Les artistes de la Gaule mérovingienne subissent au VIIe siècle l'influence des réalisations insulaires, caractérisées notamment par l'art des entrelacs. Dans les scriptoria monastiques de Luxeuil, Corbie ou Laon en particulier, ils produisent des décors stylisés, où les motifs zoomorphes, nombreux et divers, éclipsent les rares représentations humaines. Le développement de la culture écrite à l'époque de la renaissance carolingienne favorise la production de livres enluminés : Charlemagne passe commande de nombreux manuscrits de luxe, tels les Évangiles de Godescalc aux lettres d'or sur fond pourpre, dans lesquels s'expriment de multiples courants d'influence. Mais, au IXe siècle, l'atelier du palais d'Aix-la-Chapelle est définitivement supplanté par les grands centres épiscopaux (Reims, Metz) ou monastiques (Tours) concentrés au nord de la Loire. À partir de l'an mil, de nouveaux centres de production apparaissent, tels Cluny ou Cîteaux, sous l'impulsion d'abbés et de moines, qui sont parfois eux-mêmes peintres ; les remarquables réalisations romanes, destinées en priorité aux besoins des monastères ou des cathédrales en livres liturgiques, commencent aussi à fournir les laïcs en livres de piété, tel le psautier.

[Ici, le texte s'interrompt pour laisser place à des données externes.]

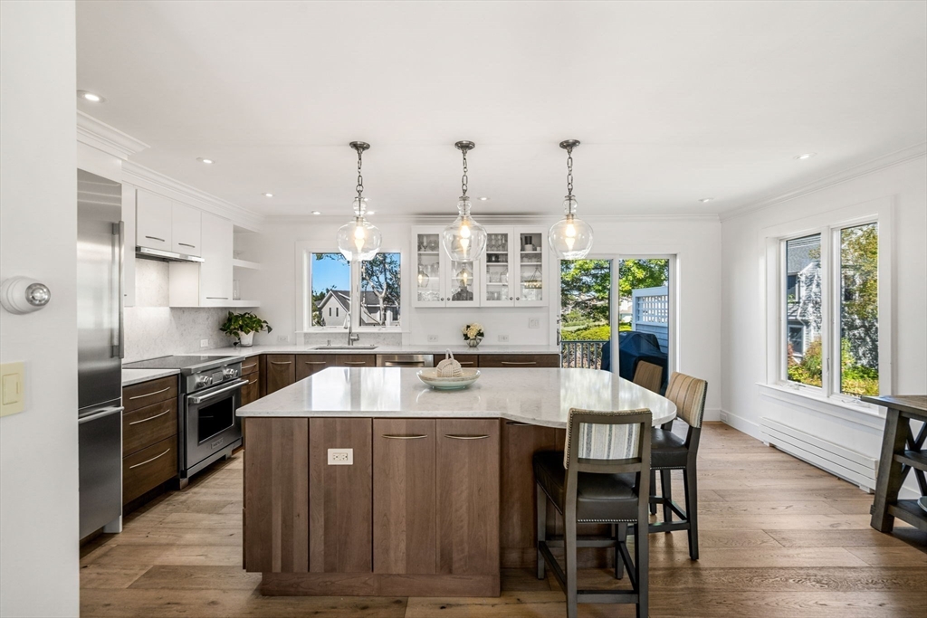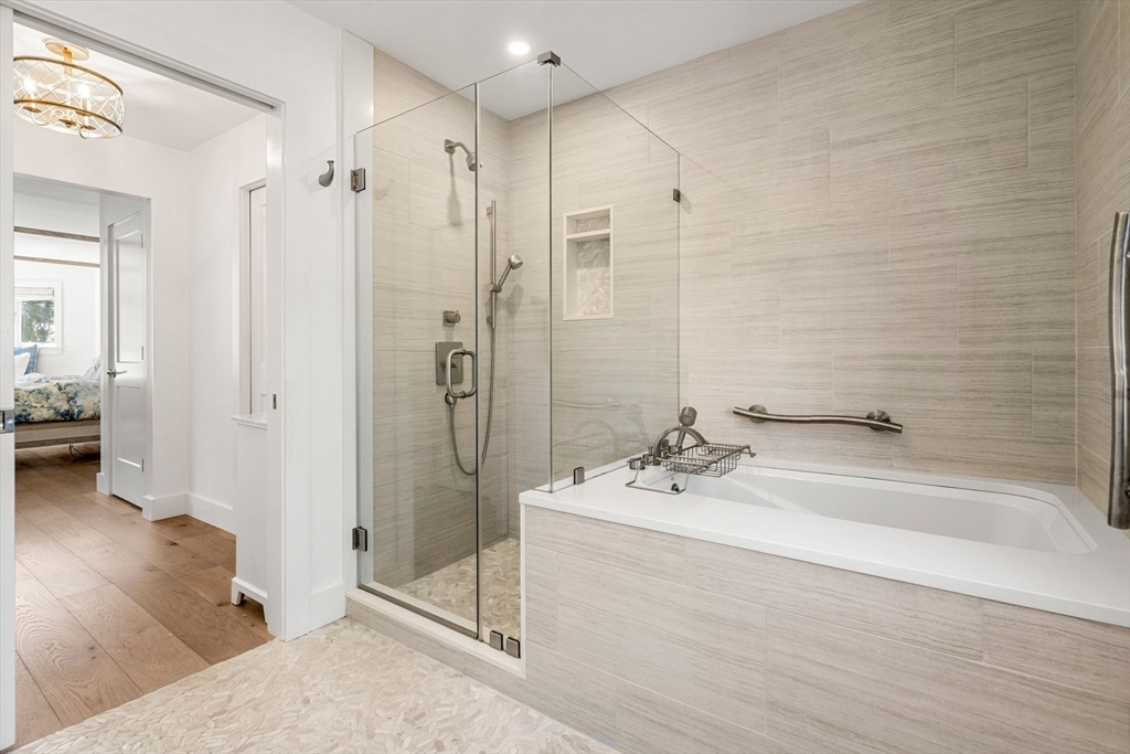 Welcome to this exquisite townhouse in Hawthorne Point, Rocky Neck—just steps from Niles Beach and offering stunning water views. Renovated in 2020, this light-filled home spans three thoughtfully designed levels. The first floor features a spacious foyer, access to the garage, ample storage, and a large private en suite bedroom with flexible use and direct access to a brick patio overlooking the water. The second level boasts a chef’s kitchen with high-end appliances, open-concept dining and living areas, a half bath, a front balcony, and a rear deck with breathtaking water views. On the third level, you’ll find a luxurious en suite bedroom with a walk-in closet, in-unit laundry, and a spa-like bathroom complete with a soaking tub. This residence perfectly blends natural beauty, privacy, and an elevated coastal lifestyle.

Lorsque les ateliers de production du livre se multiplient et s'organisent en dehors du milieu monastique ou épiscopal, Paris devient l'un des principaux foyers de l'enluminure occidentale, et exerce un rayonnement exceptionnel à partir du XIIIe siècle : tour à tour, maître Honoré, puis Jean Pucelle et Jean Le Noir au XIVe siècle influencent d'autres artistes laïcs, demeurés anonymes, qui décorent pour la cour et pour une riche clientèle bourgeoise des livres d'heures ainsi que de plus en plus de livres profanes. À la fin du XIVe et au XVe siècle, des bibliophiles passionnés, tels le duc Jean de Berry ou le duc Philippe II de Bourgogne, sont les principaux mécènes de cet art, qui connaît alors un épanouissement unique grâce à Jacquemart de Hesdin (Très Grandes Heures du duc de Berry, 1409), aux frères Pol, Jean et Hermann de Limbourg (Très Riches Heures du duc de Berry, 1416), au Maître de Boucicaut et aux nombreux artistes qu'ils ont durablement inspirés. Dans la seconde moitié du siècle, si Jean Fouquet donne encore des œuvres remarquables (Grandes Chroniques de France, Heures d'Étienne Chevalier, Antiquités judaïques), la naissance de l'imprimerie condamne progressivement l'art délicat de l'enluminure, incompatible avec une production de livres plus massive.